Выпустив меня на поверхность, мой жонглер подлетел к листу растения, похожего на папоротник, только с глянцевыми мясистыми листьями, проколол его хоботом, постоял недолго рядом и, насытившись, улетел, оставив меня одного. Я тогда просидел под этим растением несколько часов, обняв колени и почти не шевелясь, потому что не понимал, что мне теперь делать и как вообще жить дальше. Потом я не выдержал, подобрался к проколотому листу, из которого еще вытекал сок, и напился этого сока.

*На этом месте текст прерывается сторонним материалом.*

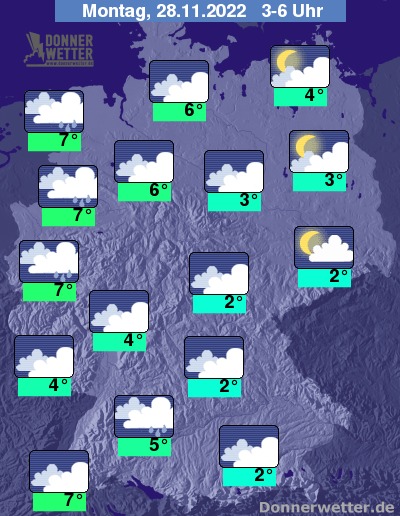 In der folgenden Nacht zeigt sich der Himmel über den östlichen Landesteilen zunächst noch oft aufgelockert bewölkt, sonst ist es dagegen verbreitet dicht bewölkt und vom Niederrhein, über das westliche Niedersachsen bis nach Schleswig-Holstein fällt gebietsweise Regen. In den übrigen Landesteilen bleibt es weitgehend trocken bei Tiefstwerten von 7 Grad am Niederrhein bis 2 Grad in Mittelfranken.

Меня мучила изжога и отрыжка, тошнило, пучило, рвало и несло три дня, я чуть не умер от голода и обезвоживания, почти все время валяясь под этим папоротником на моховой подстилке и заставляя себя спать как можно чаще и дольше, но, в конце концов, мучения мои, хоть и не сразу, прекратились, и я смог питаться густым соком растений, просто протыкая листья пальцами и собирая сок в пригоршни. Вероятно, с помощью геля жонглера, которым я измазался во время путешествия сюда и попавшего внутрь моего тела через рот, микрофлора моего кишечника как-то приспособилась к местной органике, и я понял, что выжить тут можно.
Иногда мне очень хотелось жареного или вареного мяса, но я не рисковал охотиться на многоножек и червей. Хотя и нашел способ получать белок: поймав одну маленькую двухвостую тварюшку, которая между хвостами, как между электродами, выдавала разряд, я с ее помощью поджарил дохлого червя. Осторожно посадив свою живую батарейку на ближайшую листоветку и дождавшись, когда насекомое уползет подальше от меня, я осмотрел свое новое горячее блюдо. Бифштекса, конечно, не получилось – там, где разряд прикоснулся к тушке червя, мясо сгорело до углей, а концы остались сырыми, но некоторая часть мяса все-таки пропеклась, и мне его хватило, чтобы немного разнообразить свою растительную диету. Было невкусно, пресно без соли и специй, но все же лучше, чем ничего. Потом я не раз еще так делал и даже навострился регулировать силу разряда, поглаживая двухвостку по брюшку.
Мой жонглер пару раз наведывался ко мне, по крайней мере, мне казалось, что это именно тот, который притащил меня сюда. Но близко он не подлетал, а так, на пару минут зависал надо мной, растянув сферу, а потом стягивал ее и удалялся куда-то на запад. Я научился отличать его от других жонглеров по короткому хоботку и манере складывать на брюшке среднюю пару лап и постукивать когтепальцами одной лапы по другой, как это делают иногда люди, когда задумываются о чем-то. Я не знаю, чего он хотел, он просто находился рядом некоторое время, потом улетал. Другие жонглеры тоже останавливались надо мной иногда поодиночке, иногда компаниями, но все они немного отличались от моего жонглера, кто размером, кто толщиной светлых линий на шкуре, а в основном поведением – некоторые подлетали поближе, другие держались подальше, кто-то прижимал лапы к телу, как бы с опаской. Но и они, повисев надо мной некоторое время, улетали внутри оранжевых сфер, и я опять оставался один.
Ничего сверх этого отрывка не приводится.